The method of claim 28, wherein the level of expression of the marker in the sample is assessed by detecting the presence in the sample of a transcribed polynucleotide which anneals with the marker or anneals with a portion of a polynucleotide wherein the polynucleotide comprises the marker, under stringent hybridization conditions.
The method of claim 8 or 35, wherein stringent hybridization conditions are incubation at 45 deg C in 6x sodium chloride/sodium citrate (SSC), followed by washing in 0.2x SSC and 0.1% SDS at 50-60 deg C.
The method of claim 20, wherein the outcome of treatment is measured by at least one criteria selected from the group consisting of survival until mortality, pathological complete response, clinical complete remission, clinical partial remission, clinical stable disease, recurrence-free survival, metastasis free survival, and disease free survival.

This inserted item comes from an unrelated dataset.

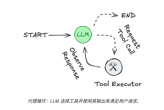 LLM 在一个循环中运行。在每次迭代中,它会选择一个要调用的工具,提供输入,接收结果(一个观察),并利用该观察来指导下一个动作。循环会一直持续,直到满足停止条件——通常是Agent已经收集到足够的信息来响应用户时。
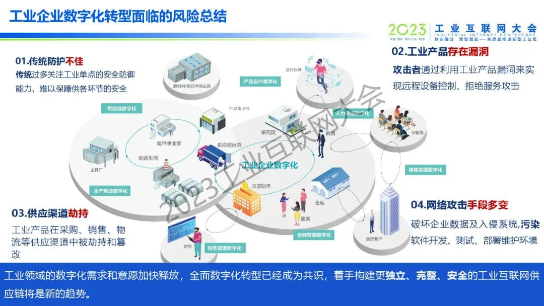 “工業(yè)領(lǐng)域的數(shù)字化需求和意愿加快釋放,全面數(shù)字化轉(zhuǎn)型已經(jīng)成為共識(shí)。然而,工業(yè)企業(yè)面臨著傳統(tǒng)防護(hù)效果不佳、工業(yè)產(chǎn)品存在漏洞、工業(yè)產(chǎn)品在供應(yīng)渠道中被劫持和篡改、網(wǎng)絡(luò)攻擊手段多變等風(fēng)險(xiǎn),構(gòu)建更獨(dú)立、完整、安全的工業(yè)互聯(lián)網(wǎng)供應(yīng)鏈將是新的趨勢。”

A kit for determining whether a subject has cancer or for prognosing the outcome of treatment of a subject with cancer, comprising a reagent for assessing the copy number of one or more mutant RAC markers of any preceding claim.
A kit for determining whether a subject has cancer or for prognosing the outcome of treatment of a subject with cancer, comprising a reagent for assessing the amount, structure, subcellular localization, and/or activity of one or more mutant RAC markers of any preceding claim.
The kit of claim 38 or 39, wherein the reagent is selected from the group consisting of a nucleic acid molecule that hybridizes with the at least one mutant RAC marker.
The kit of claim 38 or 39, wherein the reagent is selected from the group consisting of an antibody, and antibody derivative, and an antibody fragment.
A kit for treating a subject afflicted with cancer comprising an agent which changes the subcellular localization of or modulates the amount and/or activity of a gene or protein corresponding to one or more mutant RAC markers of any preceding claim.
The kit of claim 42, further comprising one or more additional anti-cancer agents.